Methods: Patients aged 18 to 80 years old who underwent endoscopic endonasal surgery at a single institution from 2010 to 2022 for a Rathke's cleft cyst were identified. Forty-five patients met criteria for retrospective chart review according to institutional IRB guidelines. For bivariate analyses, Pearson's chi-squared test or Fisher's exact test was used to compare categorical outcomes, and Wilcoxon tests were used to analyze continuous outcomes. Multivariable analyses used logistic regression to adjust for and identify possible confounding variables. R statistical software (version 4.1.1) was used for all statistical analyses.

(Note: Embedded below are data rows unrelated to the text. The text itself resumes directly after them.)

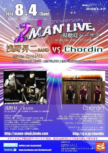 8/4(Æü)ÇßÅÄ amHALL AsanoShoji Presents 10th Anniversary 2-man LIVE ¡Ú»ëİ³Ð¥Ð¡¼¥µ¥¹¡Û ÀõÌÆóBAND vs Cordin (½Ð±é)ÀõÌÆóBAND / Chordin (»þ´Ö)³«¾ì19:00/³«±é19:30 (Ticket)Á°Çä¡ï3,000 / ÅöÆü¡ï3,500(ÊÌÅÓ1DrinkÂå¡ï500) ¢¨Ãæ³ØÀ¸¤Þ¤Ç¥Á¥±¥Ã¥ÈÎÁ¶â̵ÎÁ(ÊÌÅÓ1DrinkÂå¡ï500) ÇßÅÄ amHALL (½»½ê)Âçºå»ÔË̶èÁ¾º¬ºê2-14-17 CI¥Ó¥ë3³¬ (TEL)06-6362-2001 (Web site)http://amhall.jp/ 2003ǯ¥½¥í³èư³«»Ï¤«¤éº£Ç¯¤Ç10ǯ¡£ »Õ¤È¶Ä¤¤¤Ç¤¤¿[¾®ÌîÂç²ð(ex. CRAM-BO)]»á¤Î ºÇȯư3PeaceBAND [Chordin
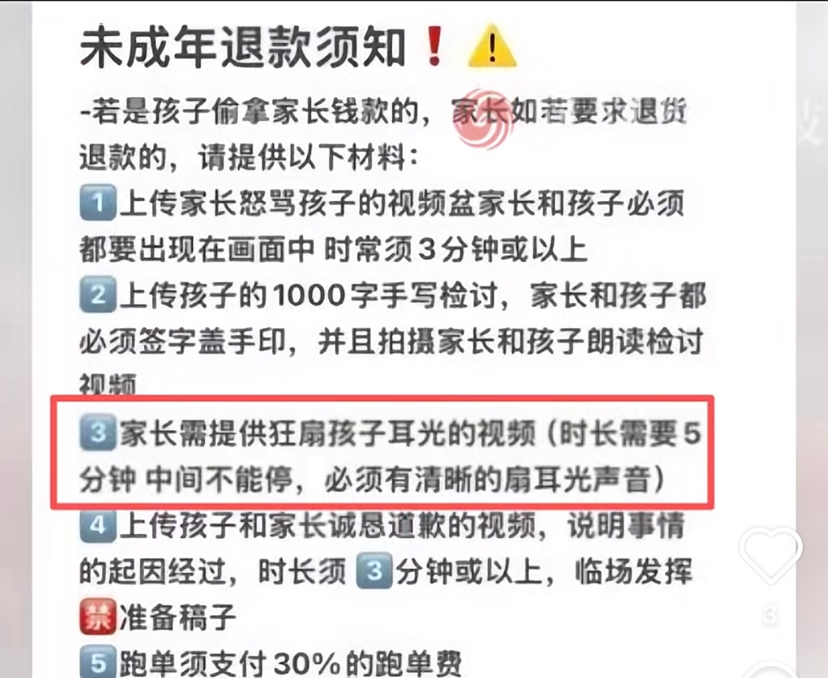潮玩平台退款要求扇孩子耳光5分钟不是吧,看评论区还有这么多人支持的。这退款条件,是我见过最赛博朋克的勒索。要求家长上传5分钟不间断扇耳光视频才能退款,这种脑回路足以让《黑镜》编剧直呼内行。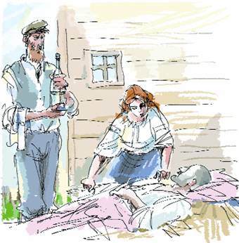 Но тут вся в слезах в избу ворвалась Эленуте.
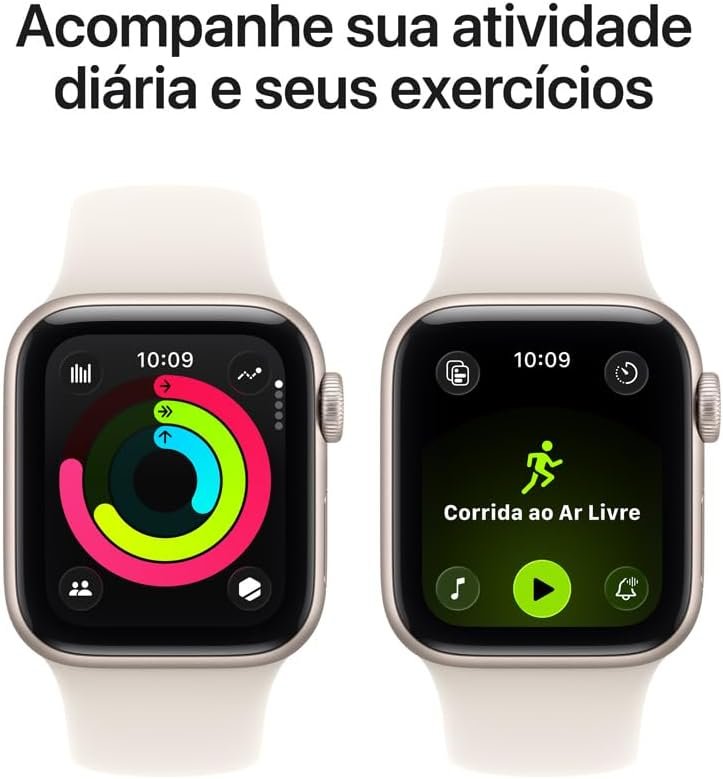 Apple Watch SE 3 GPS, Caixa em alumínio luz das estrelas de 40 mm com Bracelete desportiva luz das estrelas – P/M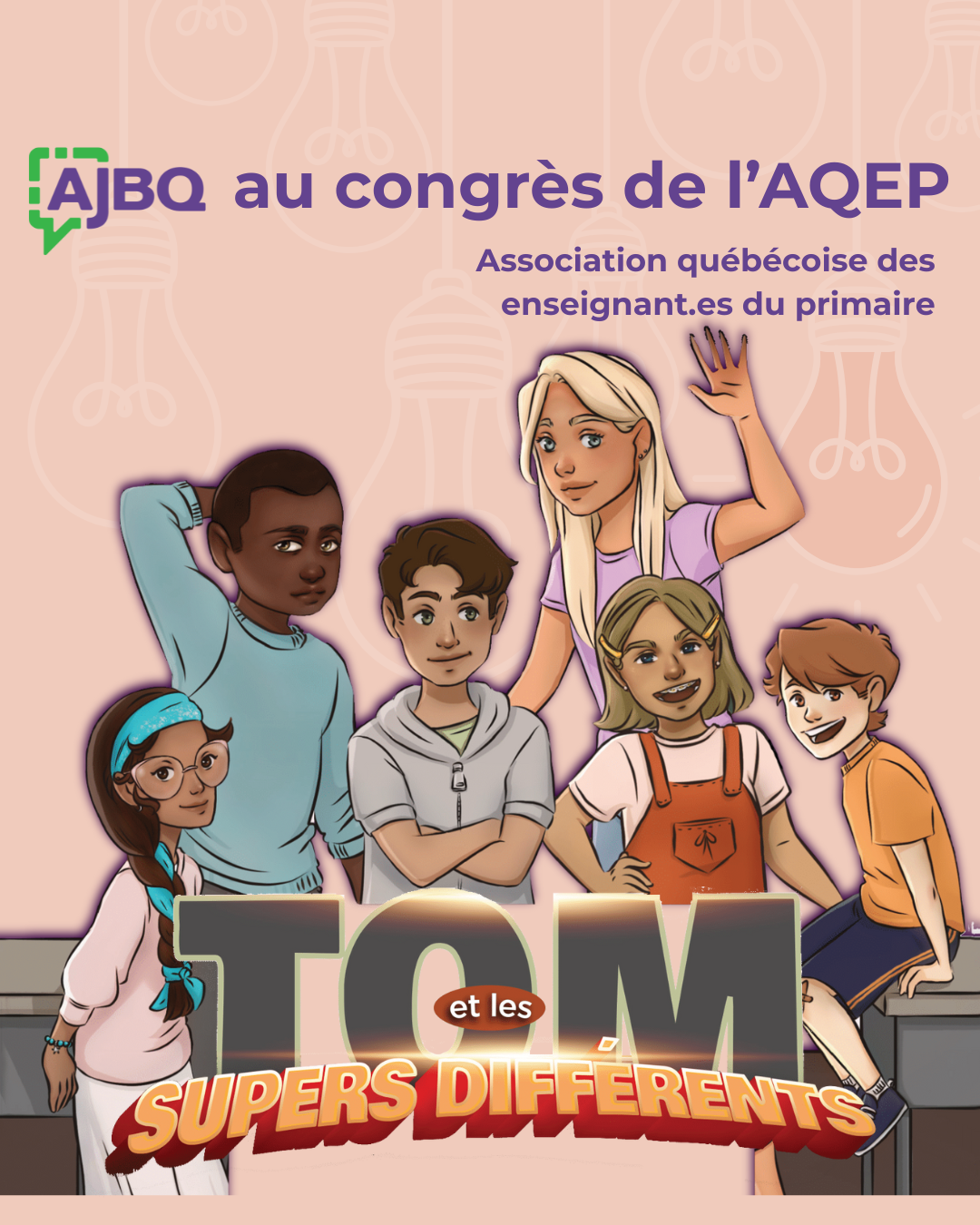 L'AJBQ sera au kiosque #6 du Congrès de l'Association des enseignant.es du primaire pour présenter ses outils et services. C'est une occasion en or de découvrir l'atelier gratuit clé en main Tom et les Super Différents sur la sensibilisation à la différence et la lutte contre l'intimidation, ainsi que nos ressources adaptées au milieu scolaire.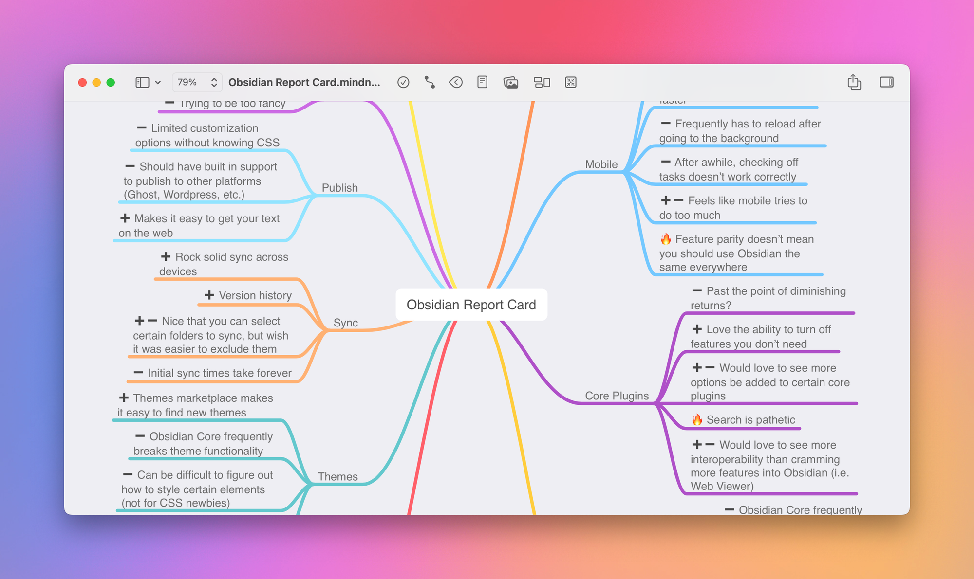 Earlier this year, I published an Obsidian Report Card video on my YouTube channel. While planning this video, I created a mind map with branches for each section I wanted to cover: desktop, mobile, core plugins, community plugins, etc.. Under each section, I added nodes denoted with emojis: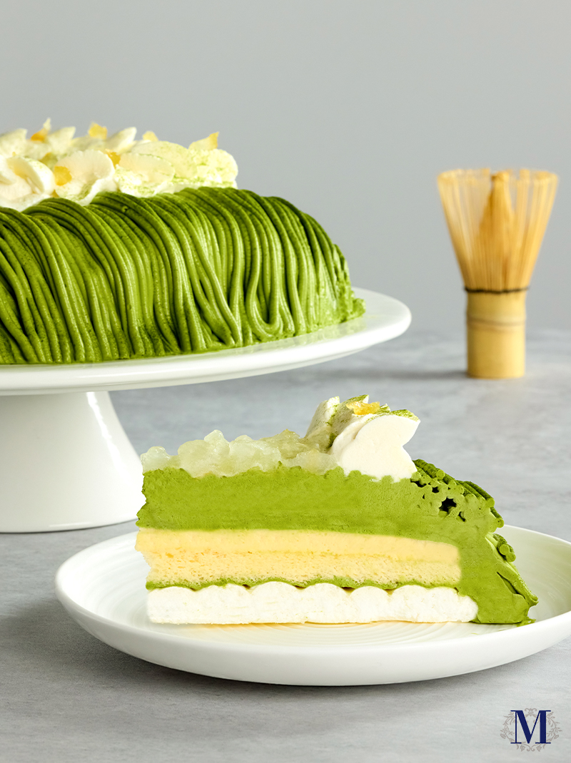 打破傳統水果蛋白餅的概念,抹茶柚子蛋白餅以靈感來自栗子蛋糕的非傳統外觀呈現,點綴京都抹茶忌廉蓉和由愛媛新鮮柚子醬製成的柚子啫喱。頂部點綴糖漬柚子皮,帶來清新風味。蛋糕由四層組成:抹茶忌廉蓉、柚子醬、海綿蛋糕,以及酥脆的蛋白餅底,呈現出一款優雅而創新的甜品體驗。
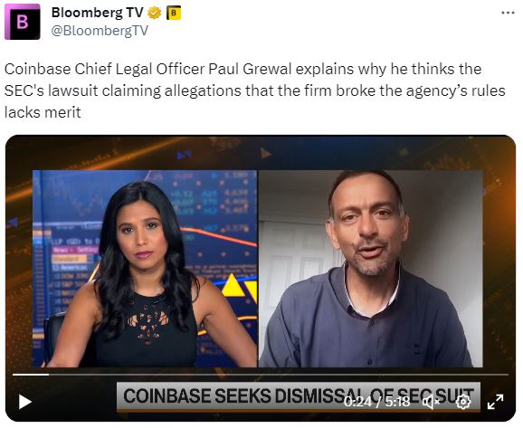 今天在彭博电视台的权力平衡节目中,Joe Mathieu和Annmarie Hordern将于下午5点讨论最高法院裁定在大学招生中不得使用种族的问题,与德克萨斯大学法学院联邦法院专家Steve Vladeck一起。在彭博电视台早些时候,Coinbase的首席法律官Paul Grewal回应了证监会对这家加密交易所提起的诉讼。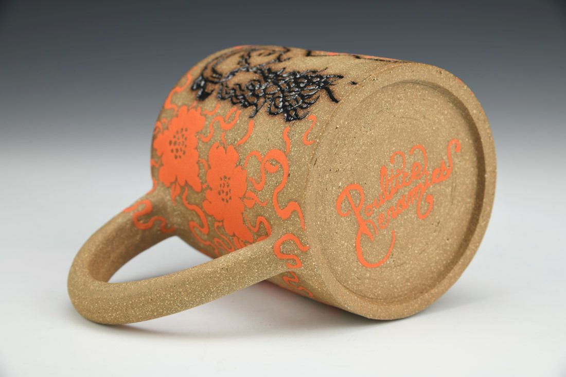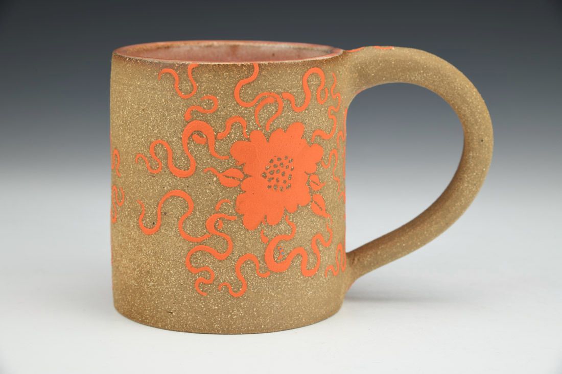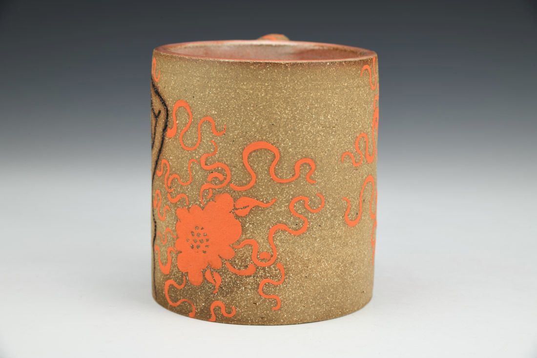 Brown stoneware, wheel thrown, hand carved, hand painted underglaze, inlaid glaze, cone 6 electric fired, 4 x 5.5 x 3.5 inches.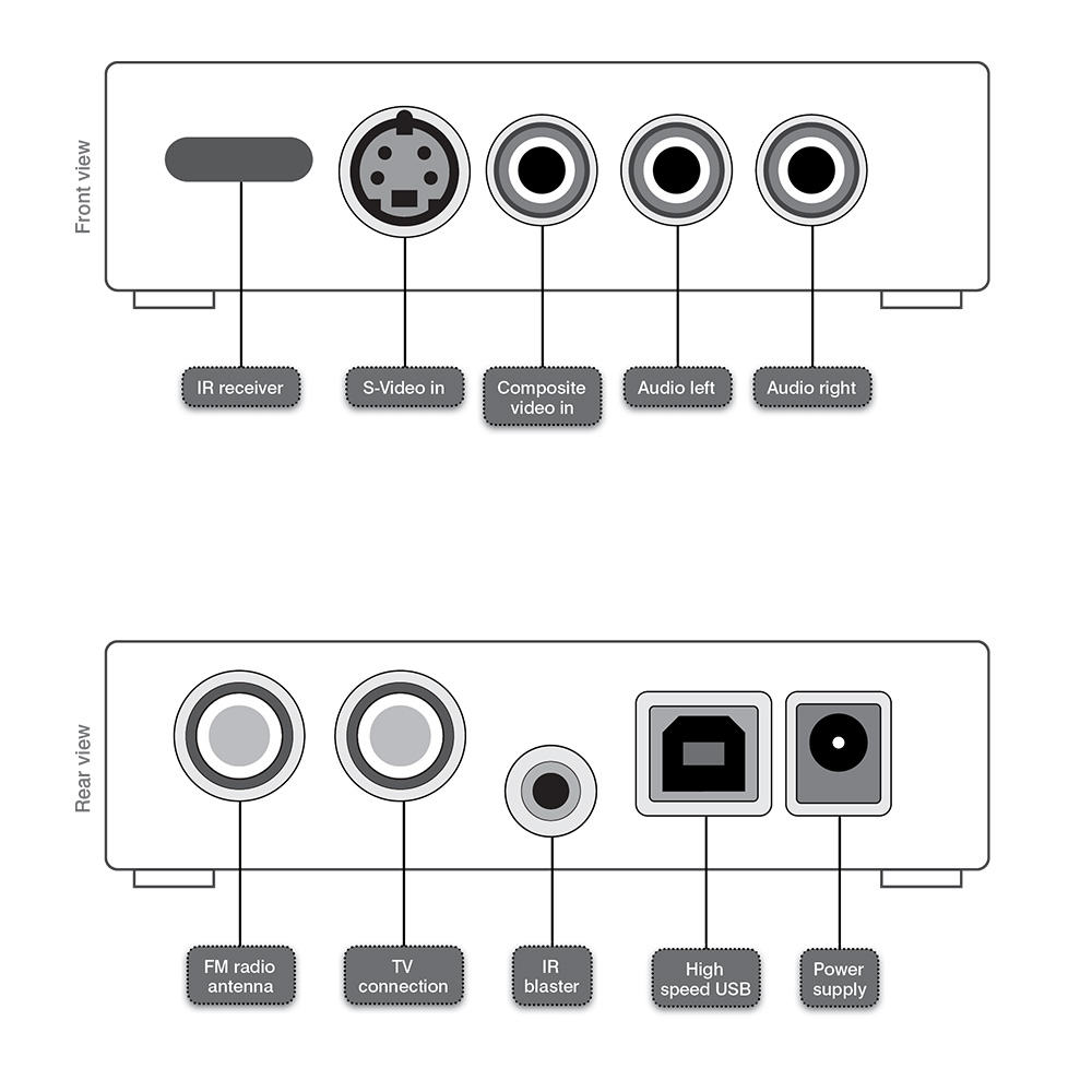 - WinTV-HVR-1955 USB 2.0 external box, with built-in IR receiver, MPEG-2 hardware encoder and composite video, S-Video and stereo audio inputs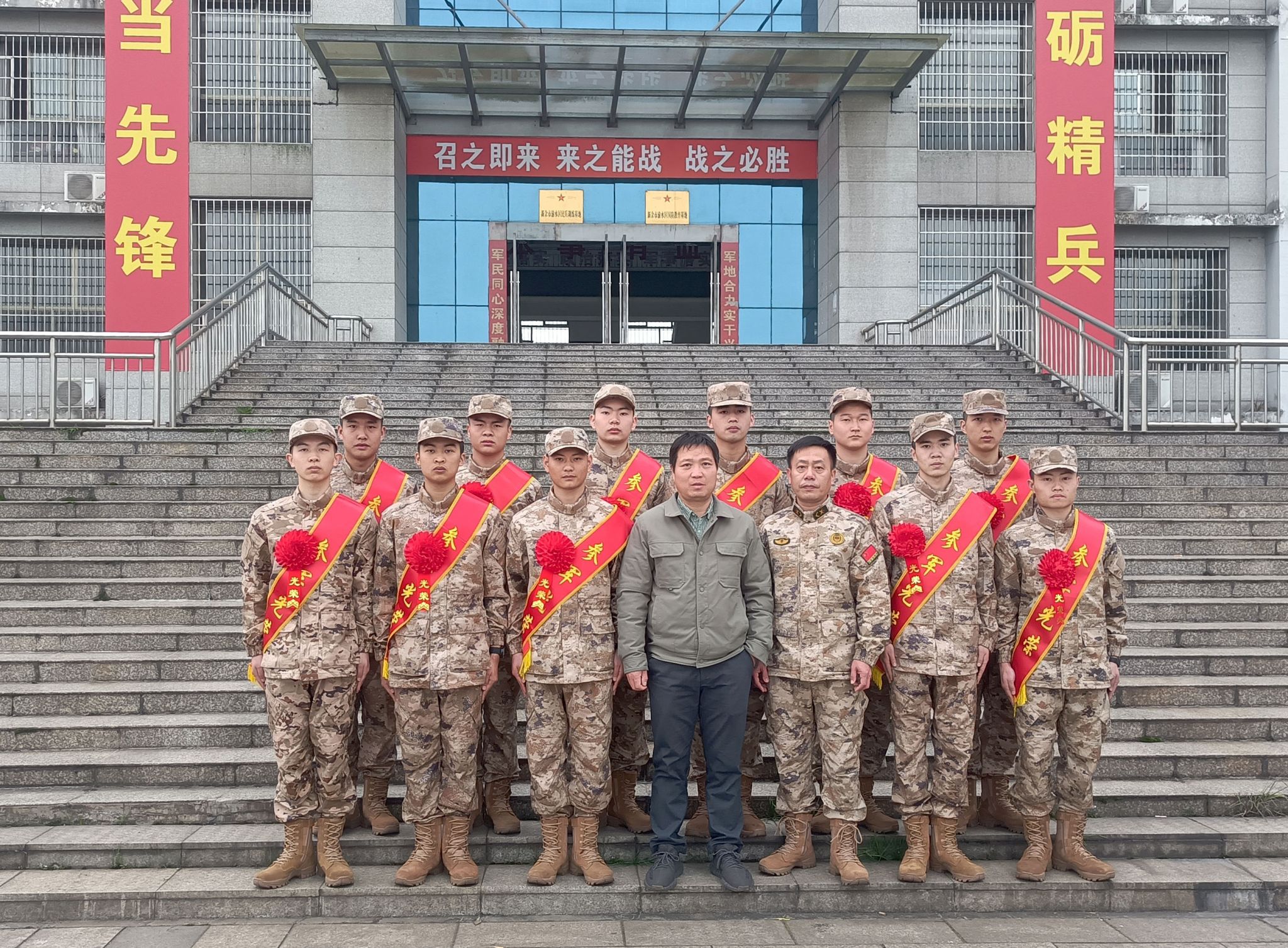 携笔从戎赴军营,青春报国启新程。近日,我校武装部一行专程前往渝水区训练基地,为11名即将光荣入伍的春季新兵举行欢送仪式,传递母校关怀,寄予殷切期望,共同见证学子们投身国防、报效祖国的光荣时刻。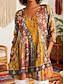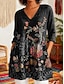 Naisten Pusero Painettu Kukka Kuvitettu Böömi Vintage Vapaa-aika 3/4 hiha V kaula-aukko Tavalliset topit Päivittäin Musta Rubiini Oranssi Apila Kesä Kevät Syksy
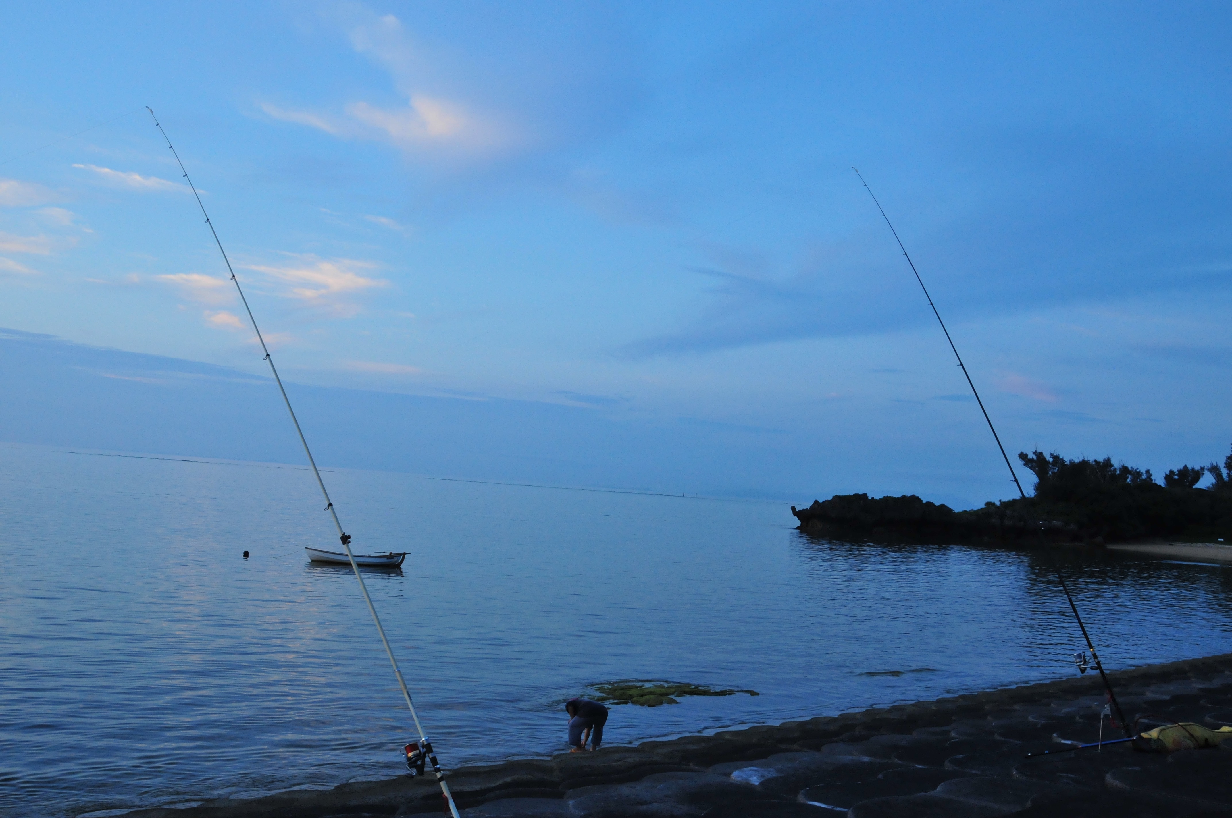 I go into a long mime of how we can fell the tree such that it falls into the Jurassic vegetation that separates us from the sea. No worries.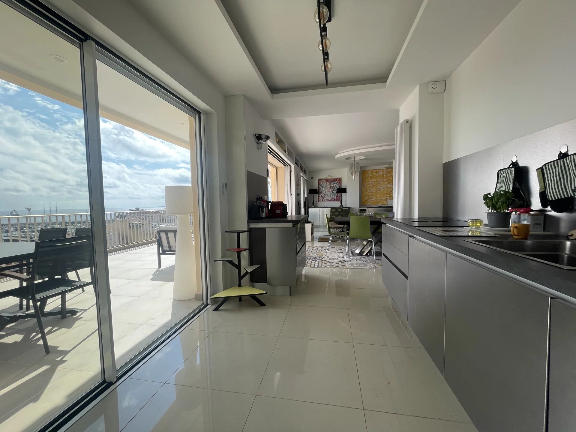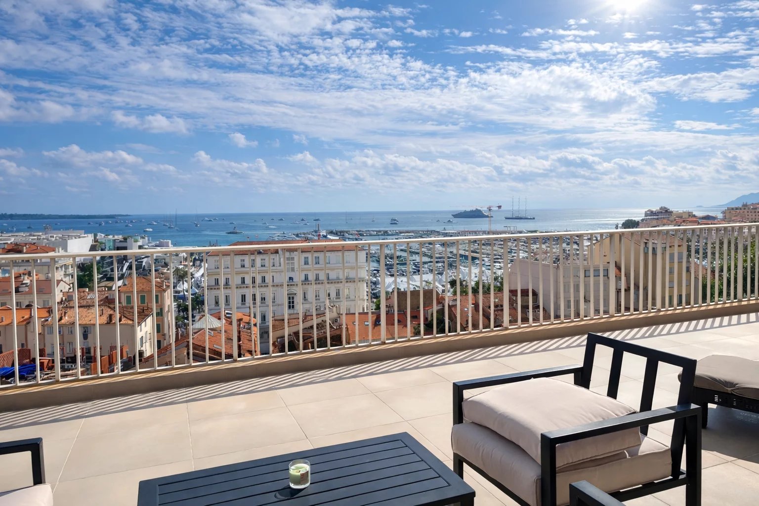 Véritables joyaux de ce bien, deux somptueuses terrasses de 46 m² et 40 m² prolongent les espaces de réception et offrent une vue panoramique imprenable sur la Méditerranée et le Vieux Port de Cannes. Espaces de contemplation et de convivialité, elles invitent à savourer chaque instant, entre ciel et mer, dans un cadre absolument privilégié.

Results: Forty-five adult patients were treated using endoscopic endonasal surgery at our institution for RCC. Average and median ages were 39.5 and 34 years respectively, with 73.3% being female. The average follow-up duration was 70 ± 43 months. Visual impairment correlated significantly with larger cyst size. For each millimeter increase in any given dimension of the cyst (e.g., from “10 mm × YY × ZZ” to “11 mm × YY × ZZ”), the odds of visual impairment were 27% higher (p = 0.009). Additionally, females had nearly seven times greater odds of visual impairment compared with their male counterparts of the same age and harboring the same size cyst (p = 0.038). Visual impairment was more frequent in older individuals; with odds 4% greater for each year of life (p = 0.047). The presence of inflammation identified on histopathology increased the risk of pituitary hypofunction by 8.5 times compared with patients with the same degree of T2 intensity on magnetic resonance imaging (p = 0.02). Similarly, for patients demonstrating inflammation on histopathology, odds of pituitary hypofunction with T2 hyperintensity was 13.5 times greater than patients with T2 hypointense lesions (p = 0.009). Intraoperative cerebrospinal fluid (CSF) leakage rates increased by more than 8 times if cysts were larger than 2 cm (50% vs. 16.2% for <2 cm cysts, p = 0.037).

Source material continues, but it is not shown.